2006-08-06 05:15:42 · 4 answers · asked by Anonymous in Science & Mathematics Astronomy & Space

4 answers

What a fascinating question!

Right now, during Martian exploration by unmanned probes, dual systems are in use: our earth-based conventional system, and one that counts "sols," a sol being equal to a Martian day. Since a "sol" is more than 39 minutes longer than an earth day, the scientists working with the probe must learn to live with Mars' schedule, which in a week migrates over 4 1/2 earth hours later into the day according to our earth clocks.

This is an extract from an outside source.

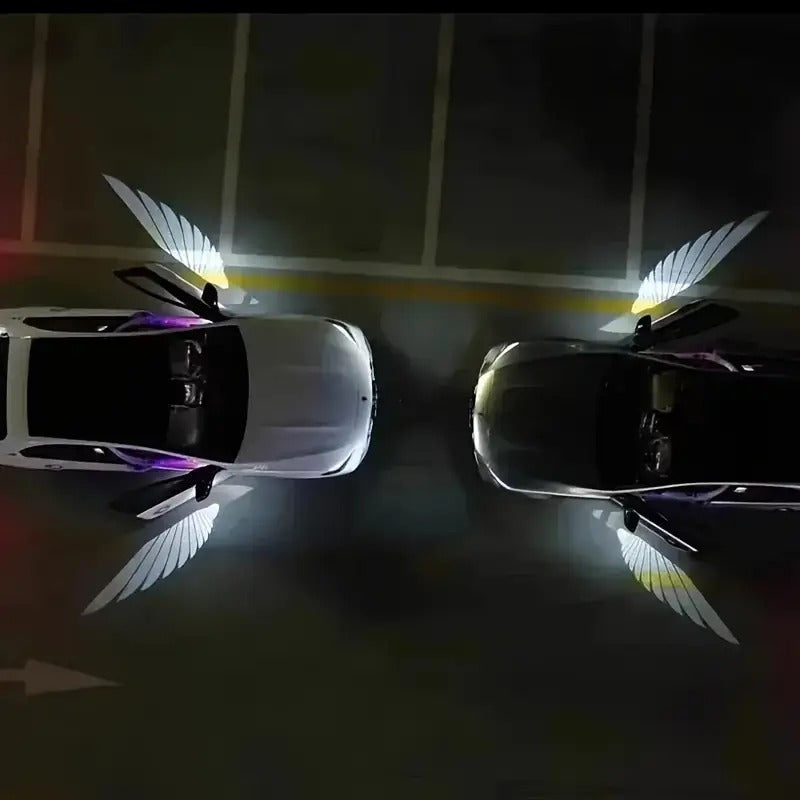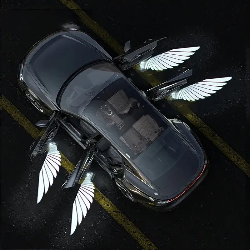 2pcs/set Ultra bright LED door projector light with Angel Wings design Decorative light Ambient light, black carbon fiber finish, illuminating Angel Wings

My guess is that when astronauts travel to Mars, they will quickly have to adopt the "sol" rather than simply continue using the earth clock. It follows that Mars people will, for use on Mars, also apply a calendar that counts Martian "sols."

A Martian calendar would have 668 "sols," with a leap day added every other year. One suggestion, called the "Darian calendar," would have 24 months with, of course, four seasons. Each of the four seasons features 6 months, five of 28 "sols" and the sixth with 27. The months of 28 would each have four 7-day weeks. To keep the weeks straight, the final week in the sixth month of each season would have only six "sols," so the day after the Martian Friday in each sixth month would jump to Sunday.

Mars people would likely continue to correspond with earth in Gregorian days and years, but to use an earth-based calendar would become hopelessly confusing for people living on Mars for the longer term.

Likewise with a calendar of "star dates" like they had on Star Trek, and which one writer hinted at. "Star dates" may work fine for a space ship, but such a system would almost certainly not gain public acceptance on earth (any more than the so-called "World Clock," that got its 15-minutes-of-fame a few years ago near the dawn of the internet -- time zones are here to stay), and would bear no reality for the Mars person waking up in the Martian morning and getting ready to start his "sol."

There is an interesting Wikipedia article on this subject that I commend to you:
http://en.wikipedia.org/wiki/Timekeeping_on_Mars#Keeping_track_of_time_of_day

2006-08-06 05:56:32 · answer #1 · answered by Anne Marie 6 · 3 0

A time unit is always a period of a repeating happening.
So the new choice depends on what you meet.
Th

2006-08-06 15:13:40 · answer #2 · answered by Thermo 6 · 0 0

Probably a universally agreed time system.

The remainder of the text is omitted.